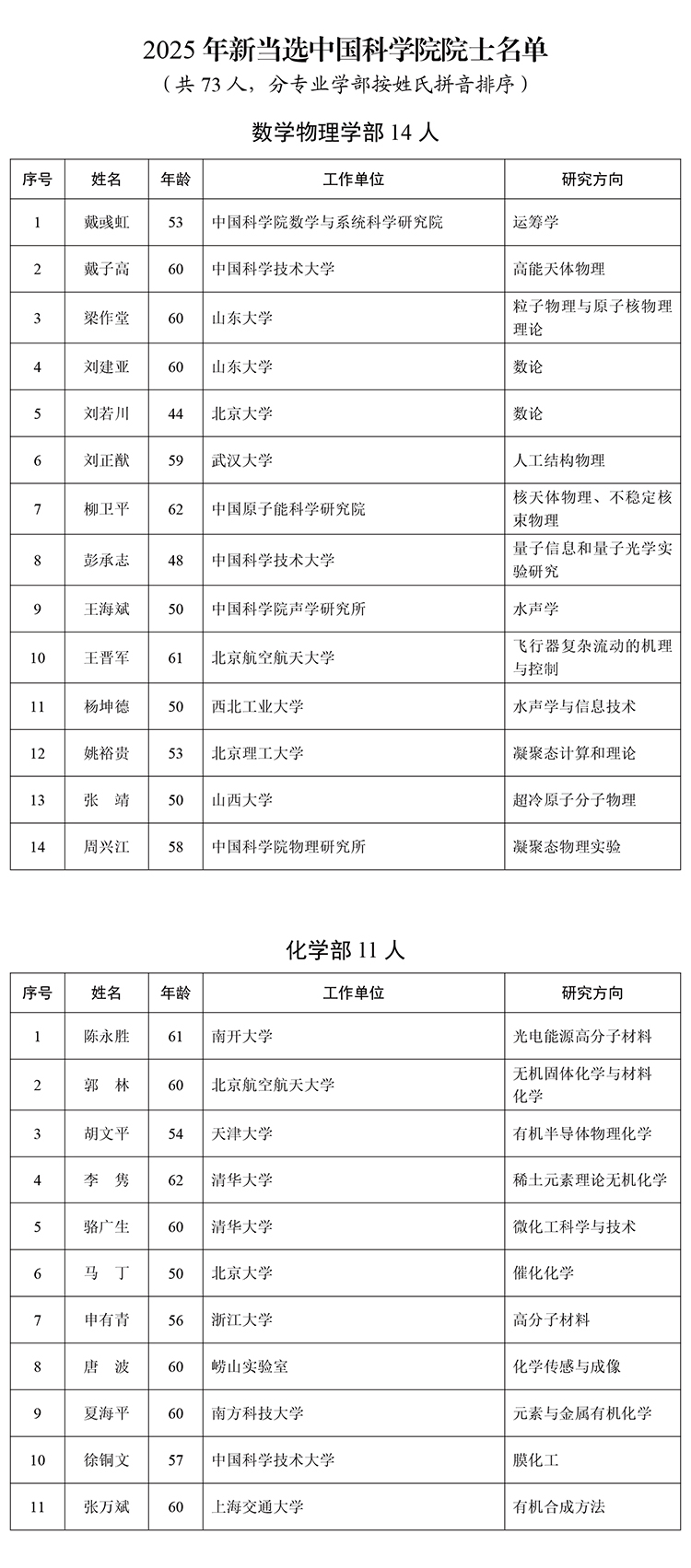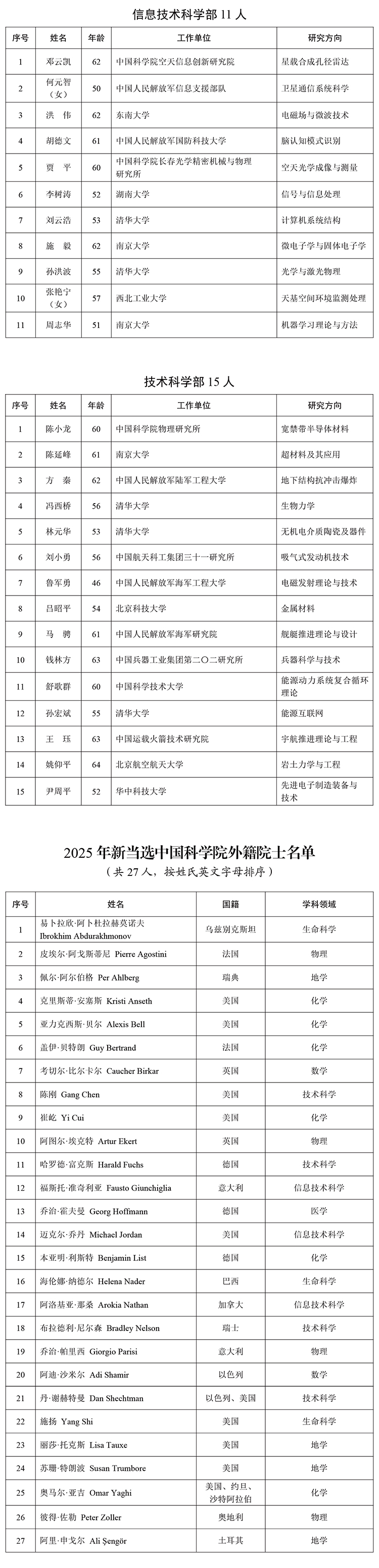 關于公布2025年中國科學院院士增選當選院士名單的公告
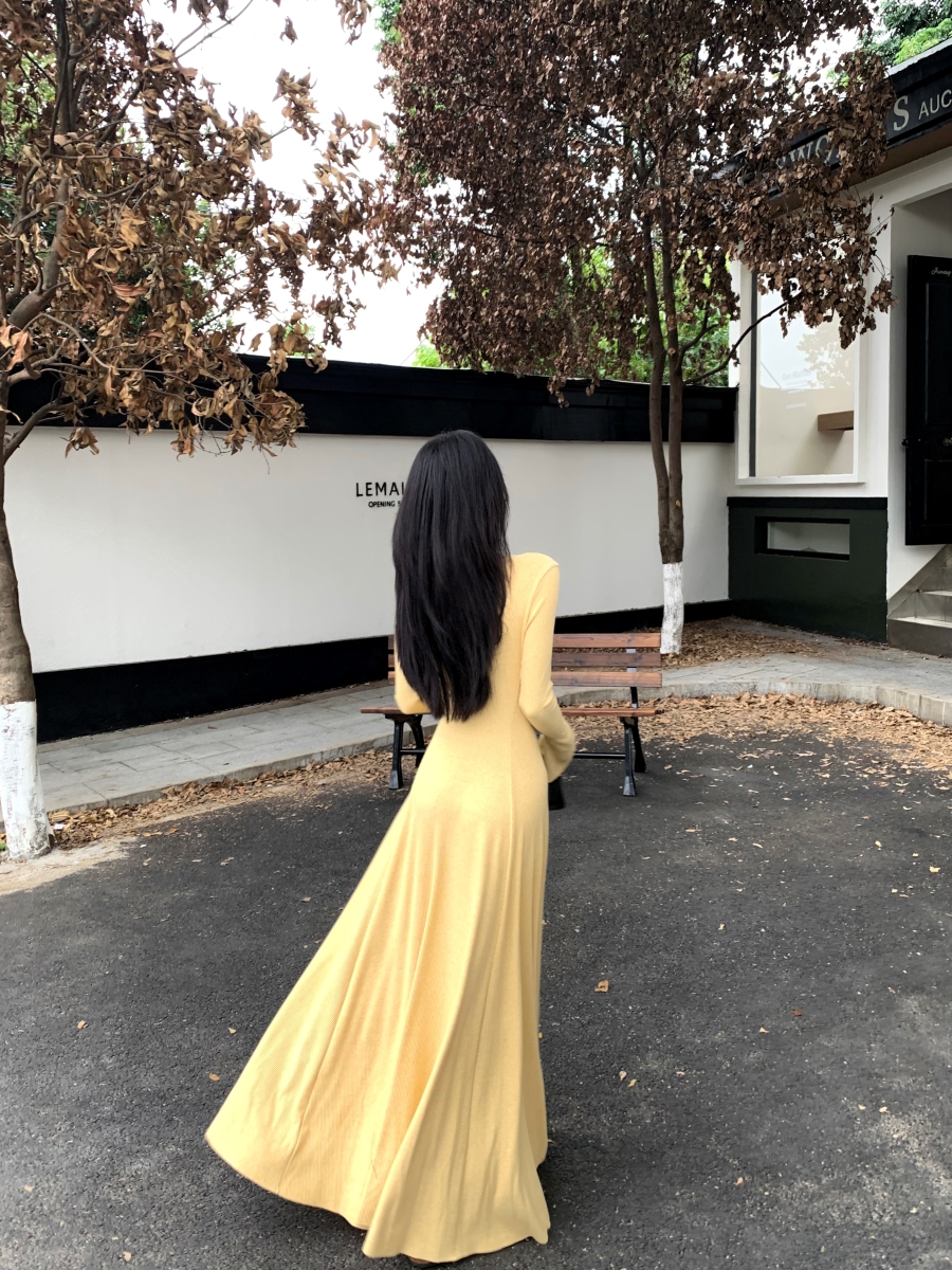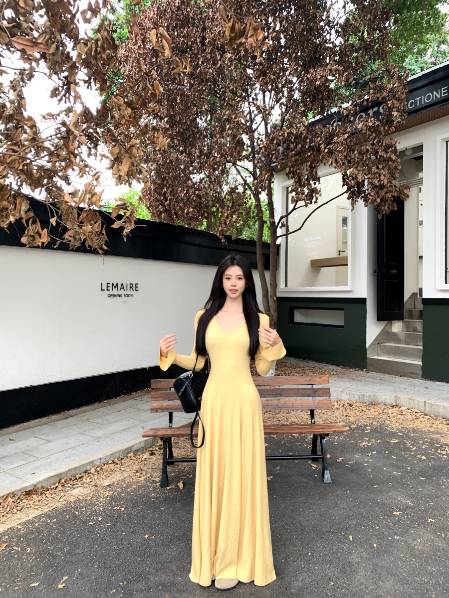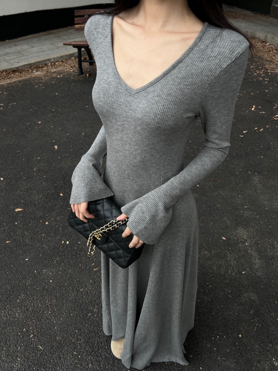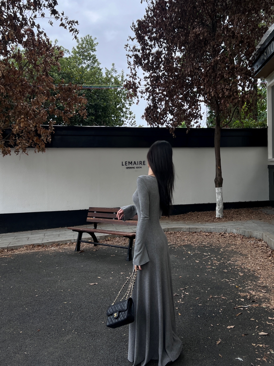 Gentle Style V Neck Long-Sleeved Knitted Dress for Women in Autum Black Sexy Waist Slimming Long Skirt
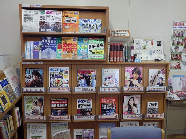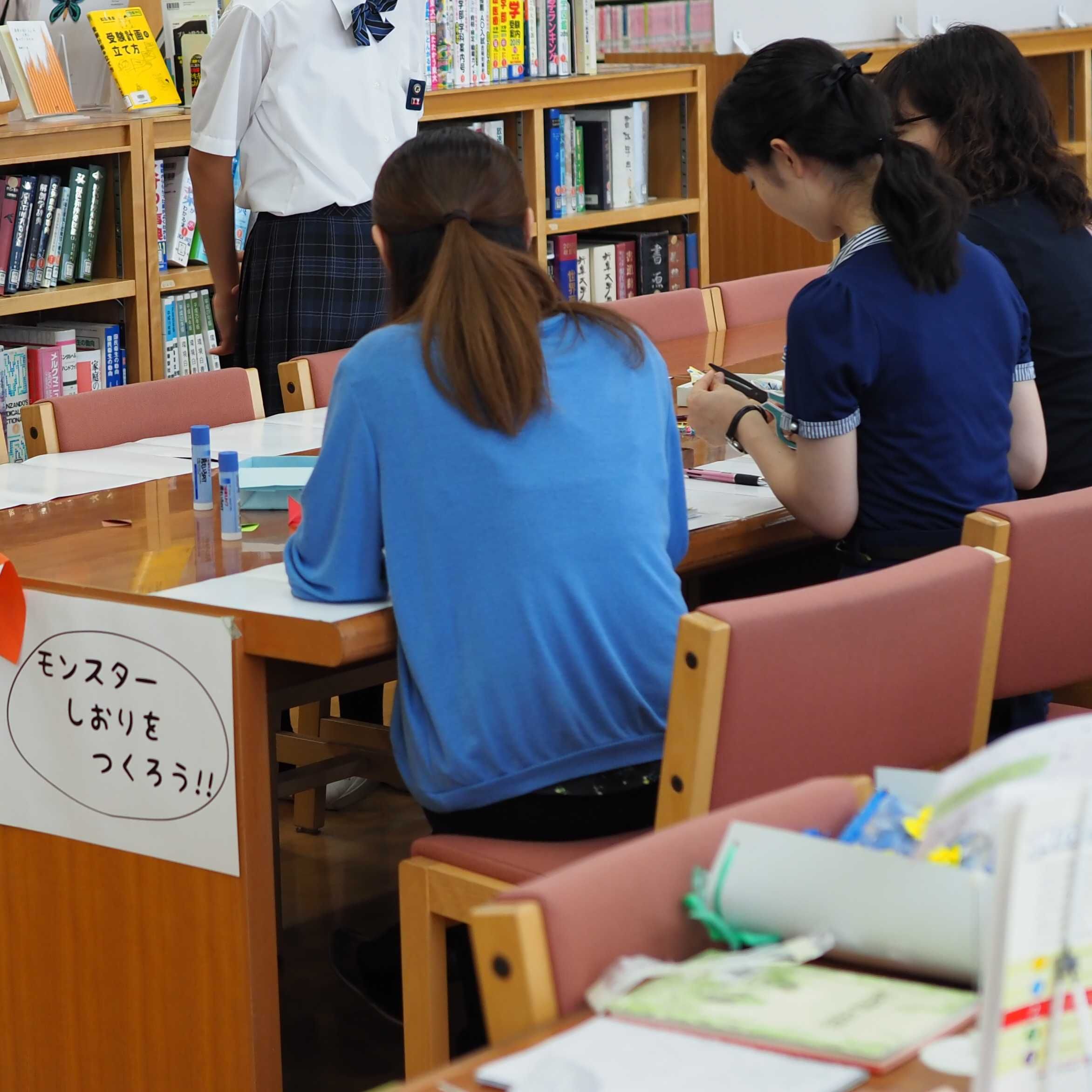 8月9日(木)、相変わらず酷暑の中、都立武蔵高等学校・附属中学校にお邪魔しました。二階に上がって、出入り口には展示スペースが。海の日にちなんだ水色の本が涼風を連想させちょっとだけ気持ちが涼みました。入口正面は、雑誌と漫画コーナーです。(図書館全景写真はちょっと失敗してしまい、部分ばかりですみません……)この日は、モンスターしおり作りをしていました。本を食べるモンスター??図書委員さんたちが丁寧に教えてくれました。また本の表紙を利用したメモ帳作りも。こちらも図書委員さんによる指導です。表紙の一部分を活用してつくります。模様の切り取り方でまた楽しいメモ帳になりました。その他、館内には、英語の授業や図書委員によるPOPとその図書などが展示されていました。
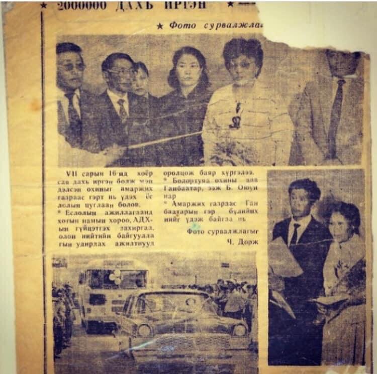 -Тухайн цагт төрсөн 25 хүүхдэд хотын намын хороо, АДХ-ын гүйцэтгэх захиргаа, ХЗЭ-ийн хороо, эмэгтэйчүүдийн холбоо, эцэг, эхийн ажлын газрын удирдлага, хамт олон нь амьд цэцгийн баглаа гардуулж, баяр хүргэж, хоёр сая дахь иргэнийг бэлэгдсэн дурсгалын тэмдэг, гурван өрөө байр өгч байсан гэдэг. Манайх улсаас өгсөн байранд олон жил амьдарч байсан.

┄┄┄┄┄┄┄┄┄┄┄┄┄┄┄┄┄┄┄┄

### WORK ORDER
Repeat each line of the material, unaltered, from the first through the line with "Gentle Style V", and include no pictures.

### ANSWER SECTION
 關于公布2025年中國科學院院士增選當選院士名單的公告
 Gentle Style V Neck Long-Sleeved Knitted Dress for Women in Autum Black Sexy Waist Slimming Long Skirt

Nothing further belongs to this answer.